Important Takeaways from the American Association of Kidney Patients Annual Patient Meeting

Rachyl Pines Transplant News

By Erica Ho, Research and Education Associate

On September 11, I attended Day 1 of the American Association of Kidney Patients (AAKP) National Patient Meeting. AAKP is the oldest and largest kidney patient organization in the United States and its mission is to improve the lives of kidney patients through education, advocacy, and community engagement. The National Patient Meeting is an annual event where members of the kidney community can access the latest news and research on kidney disease. This year, the presentations and exhibitions focused heavily on the importance of being mindful of the patients’ experience in the development of new technologies and solutions to improve outcomes for kidney disease patients. Some of the talks I attended discussed topics such as the importance of patient engagement in clinical trials, how patients are guiding the future of kidney research, and why plain language is important in kidney and transplant care. At TREC, we share in the value of designing patient education and outreach to be patient-centered. We demonstrate this by ensuring our health education is created using health literacy best practices and through our Living Donation Storytelling Project, where patients themselves talk about their transplant journey and answer common questions people exploring transplant might have.

The first presentation I attended of the day focused on engaging patients in clinical trials. Dr. Shahid Muhammad, an academic researcher from the University of Western England, Bristol who studies kidneys presented on the importance of designing clinical trials to be patient-centered. This means that researchers should be communicating constantly with patients and should be very mindful of what the patients in their study want. He believes that a well-designed study has informed and involved patient participants, peer support groups, and accessible results and reports to keep patients knowledgeable and able to understand the progress being made. Good communication with researchers and feedback from the patients will make the clinical trial stronger and more likely to address the needs of the patients since they are involved in the trial design process.

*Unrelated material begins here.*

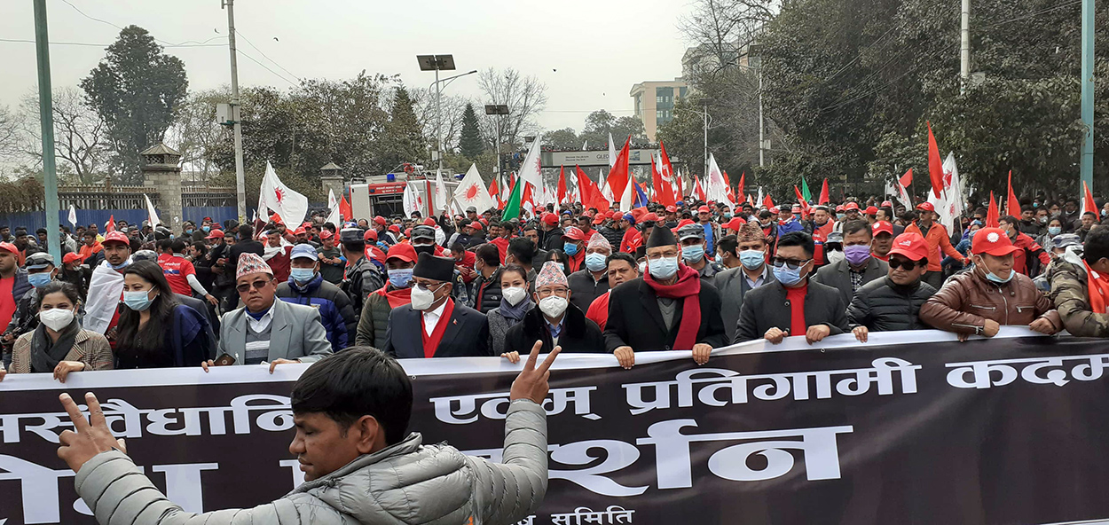 काठमाडौं । नेपाल कम्युनिष्ट पार्टी (नेकपा) प्रचण्ड-माधव पक्ष) ले आज गर्न लागेको विरोध प्रदर्शन अन्तर्गत जुलुस निस्कने क्रम शुरूभईसकेको छ ।

Another interesting talk I attended was on how patients can guide the future of kidney research. This talk was a compilation of speakers discussing why patients are crucial to the innovation and design of new transplant technologies and solutions. Dr. Prabir Roy-Chaudhury started the presentation with a talk on how patient-centered research can be effective in addressing various barriers to healthcare accessibility, such as medical mistrust, miscommunication, and disparities that affect minorities. Dr. Crystal Gadegbeku described her involvement with a program called NEPTUNE, which is a research consortium comprised of researchers, physicians, and patient advocates working to cure nephrotic syndrome (a chronic disease that causes your body to make too much protein in urine). Dr. Sagar Nigwekar then talked about how patient and caregiver input is important to coming up with solutions to what the patient prioritizes, rather than only focusing on what a doctor may deem important. Finally, Dr. Elisa Gordon wrapped up this segment by talking about how keeping patients actively involved in clinical trials will result in a better trial, which will not only benefit them ,but future patients and the entire research field as well.

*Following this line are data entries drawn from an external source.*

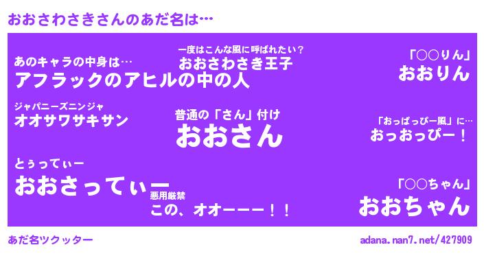 | ヘコむあだ名 | 『おおふぇ~』『豆乳』『おおぷりん』『おおさわさき(小並感)』 |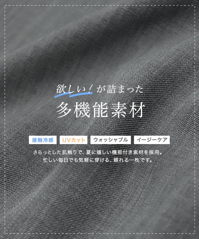 軽やかで涼しげな印象を与える、リネンライク素材のワイドパンツ。さらっとした肌触りで、接触冷感・UVカット・ウォッシャブル・イージーケアと、夏にうれしい多機能素材を採用。忙しい毎日でも気軽に穿ける、頼れる一枚です。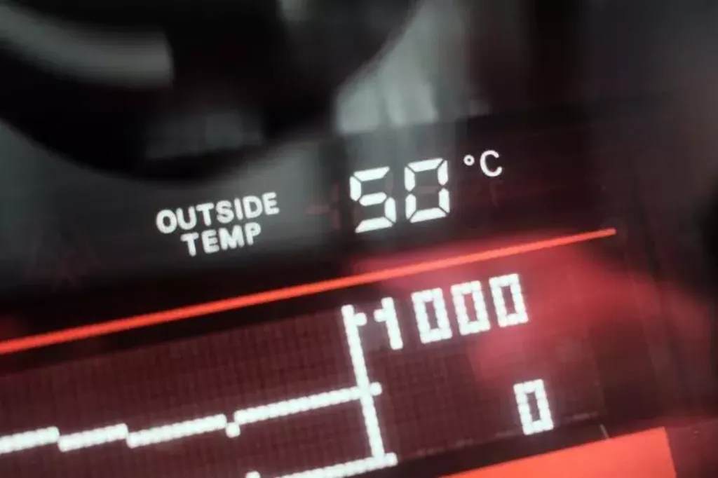 | Un écran de tableau de bord d'un véhicule affiche une température extérieure de 50 degrés Celsius à Dubaï, le 23 mai 2025 aux Émirats arabes unis. |

Lastly, Dr. Allison Tong from the University of Sydney led a breakout session on plain language. Dr. Tong discussed how to change the vocabulary we use to describe kidney disease to patients to make sure we continuously empower and uplift patients. Researchers and providers alike should consider being mindful of the words we use to discuss kidney disease, and recognize that using phrases like “end stage kidney disease” might cause distress or confusion in new patients. Changing the vocabulary we use can make a huge difference in how patients respond to their treatment and the relationship they have with their care team. Because TREC works frequently on making sure our education materials are written in a way that help patients learn without becoming overwhelmed or discouraged, this breakout session was particularly important and applicable to the work we do at TREC.

The 2020 Patient Meeting was extremely informative and it is inspiring knowing that patient engagement and the patient experience is being acknowledged as an important area of research in the field. Hopefully, in the future, as more research is done to improve patient involvement in research and treatment, this will lead to massive improvements in outcomes for not only kidney patients, but the entire healthcare field.